Every LLM integration used to be a snowflake. You’d write custom code to connect your AI assistant to your database, your APIs, your file system, your calendar. Each integration required a different approach, different auth patterns, different data formats.

Then Anthropic released the Model Context Protocol (MCP) in late 2024 — and by 2026, it has quietly become the standard that every major AI provider and developer tool has adopted.

MCP is to AI what USB-C is to devices: a universal connector that eliminates the combinatorial explosion of custom integrations. This post is a practical guide to understanding, building, and deploying MCP in production.
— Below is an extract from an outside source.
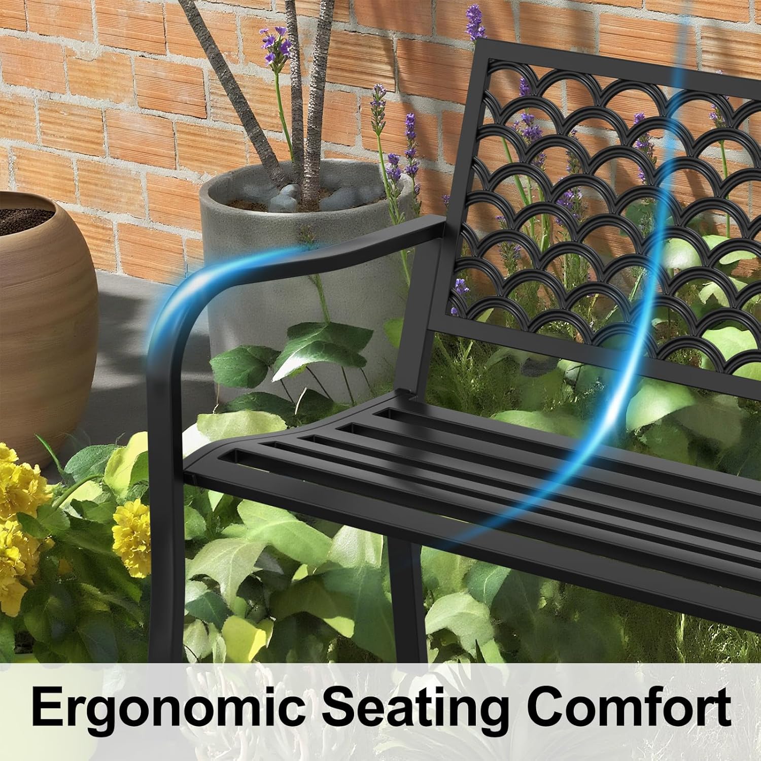 50" Heavy Duty Outdoor Bench, Wrought Iron Weatherproof Garden Bench Black Metal Patio Bench for Park Proch Yard 880lbs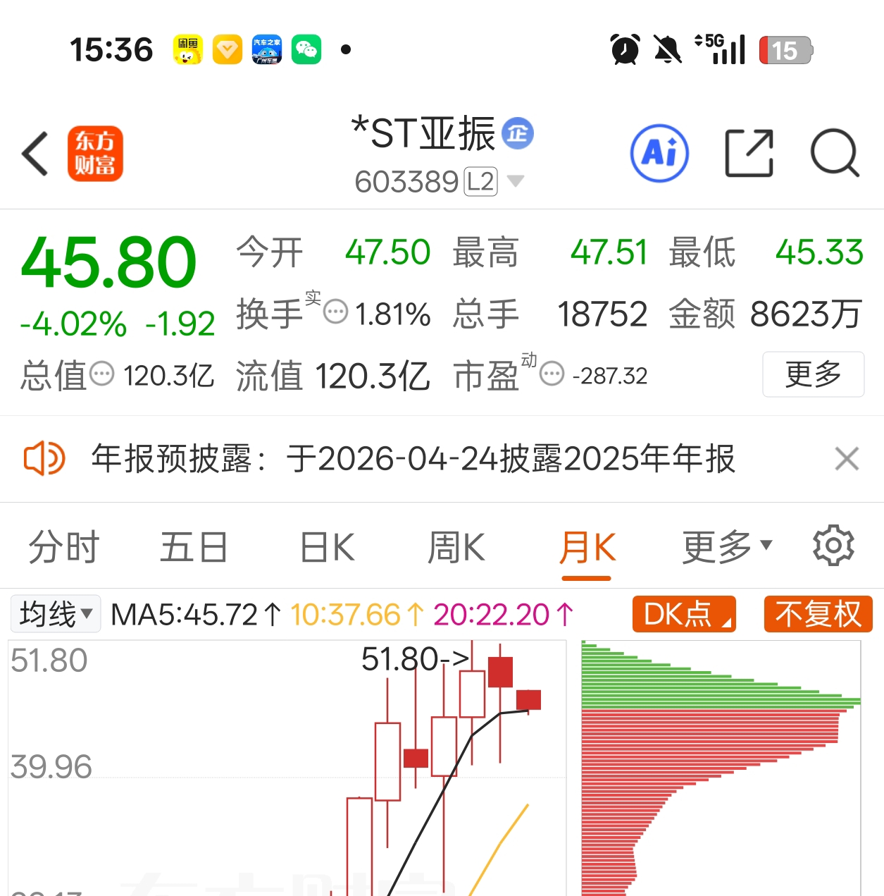 上午还懊恼卖早了,快11点跌到比我卖的价低3块我坚持没买回。它和亚振是兄弟股,今

Futuristic network of connected devices and data flows Photo by DeepMind on Unsplash


What is MCP?

MCP is an open protocol that standardizes how AI models communicate with external data sources and tools. Instead of each AI application needing to write custom integrations, MCP defines a common interface:

AI Model (Claude, GPT, Gemini...)
        ↓ MCP Protocol
MCP Host (Claude Desktop, IDE, custom app)
        ↓ 
MCP Servers (databases, APIs, files, services)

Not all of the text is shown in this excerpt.